▶ [Work to complete]: Give the listing again exactly, omitting its images.

▶ [Supplied material]:
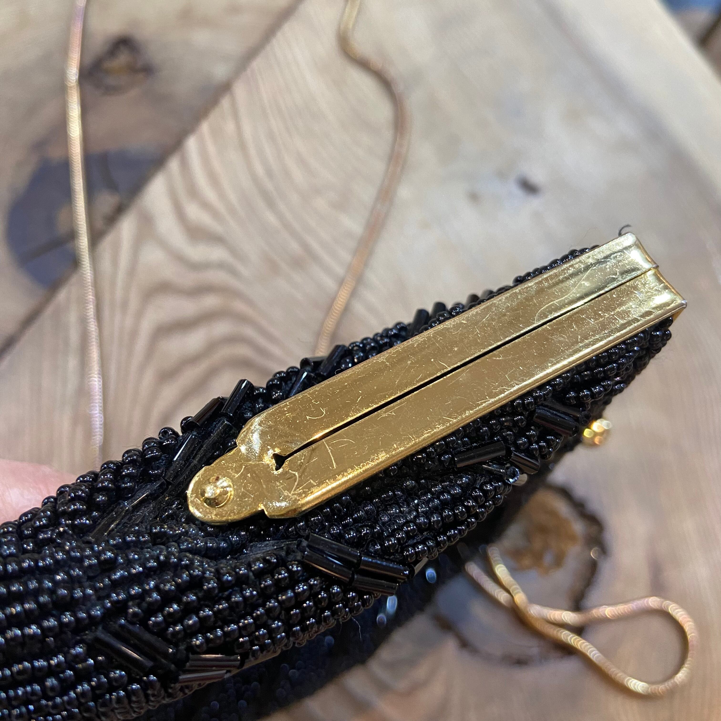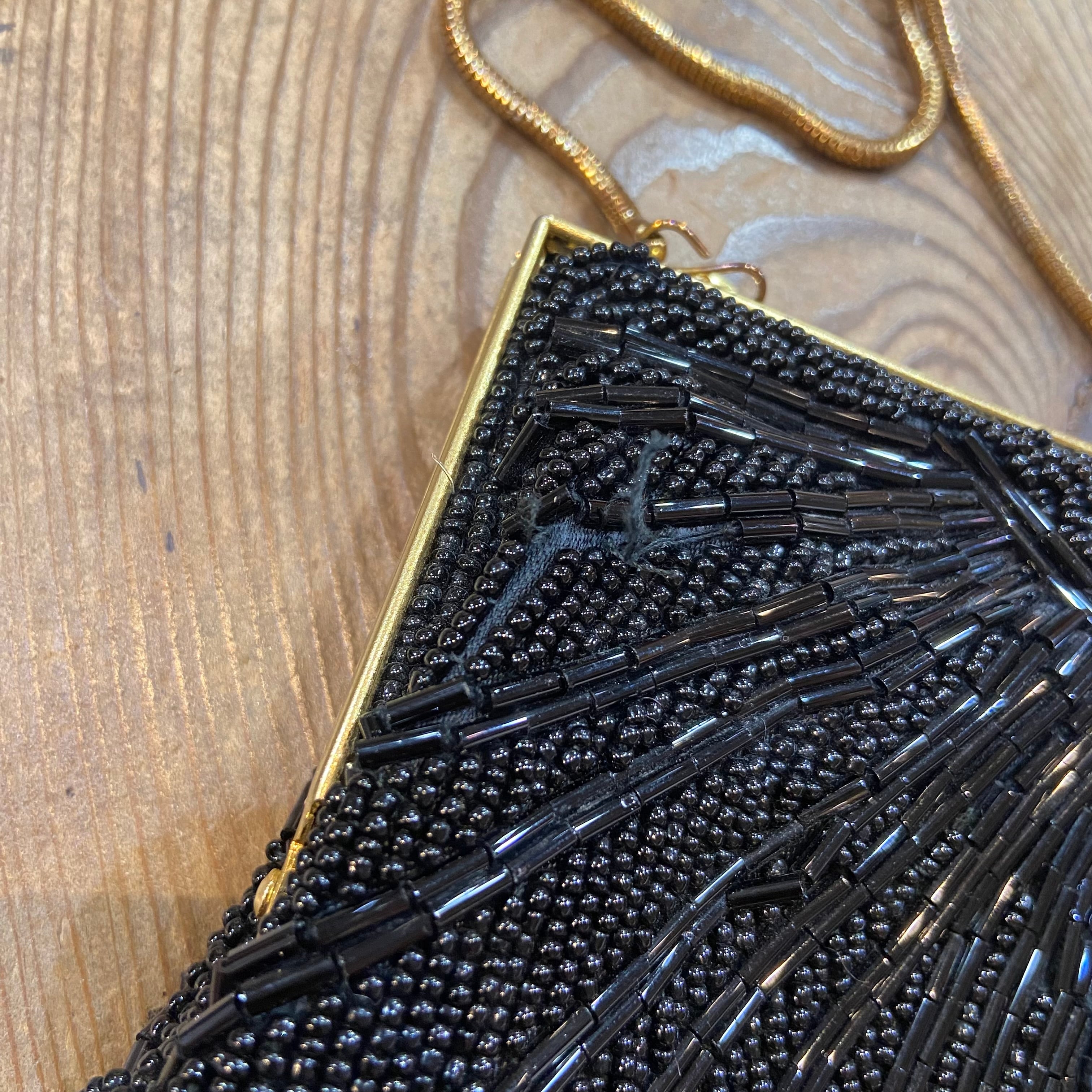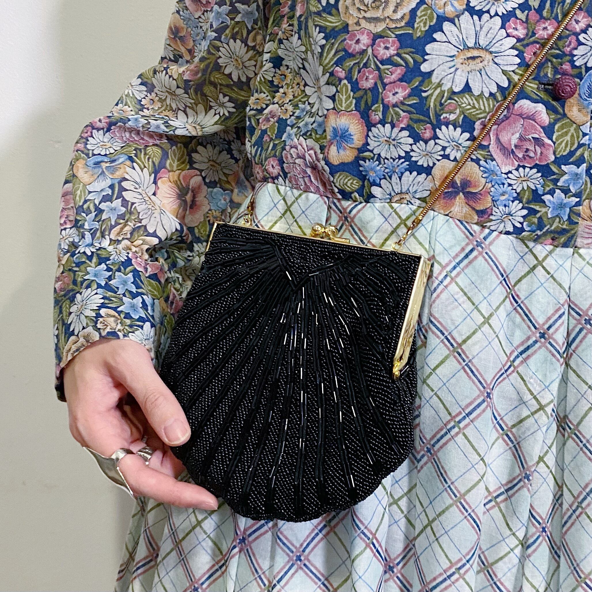 使い勝手の良い黒ベースにシェルモチーフが可愛い、80年代のビーズバッグです。
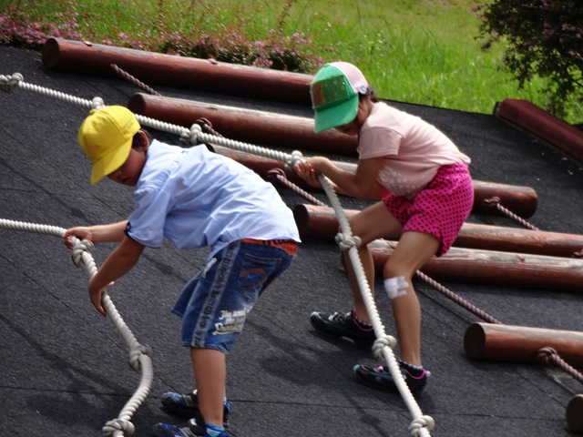 ☆新城市総合公園では,アスレチック遊具を使って,安全に元気よく楽しく運動することができました。みんな,忍者のように身軽に動いていました。
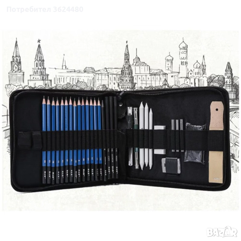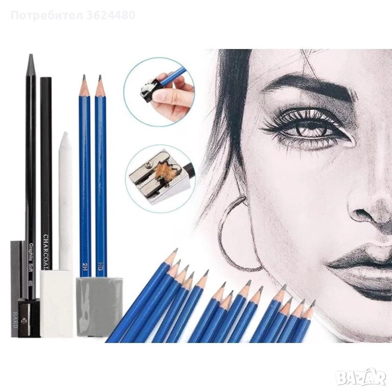 Моливи за скициране: 12 бр. графитни моливи (от 5H до 8B) и 3 бр. въглени моливи за контраст.

▶ [Written solution]:
 使い勝手の良い黒ベースにシェルモチーフが可愛い、80年代のビーズバッグです。
 ☆新城市総合公園では,アスレチック遊具を使って,安全に元気よく楽しく運動することができました。みんな,忍者のように身軽に動いていました。
 Моливи за скициране: 12 бр. графитни моливи (от 5H до 8B) и 3 бр. въглени моливи за контраст.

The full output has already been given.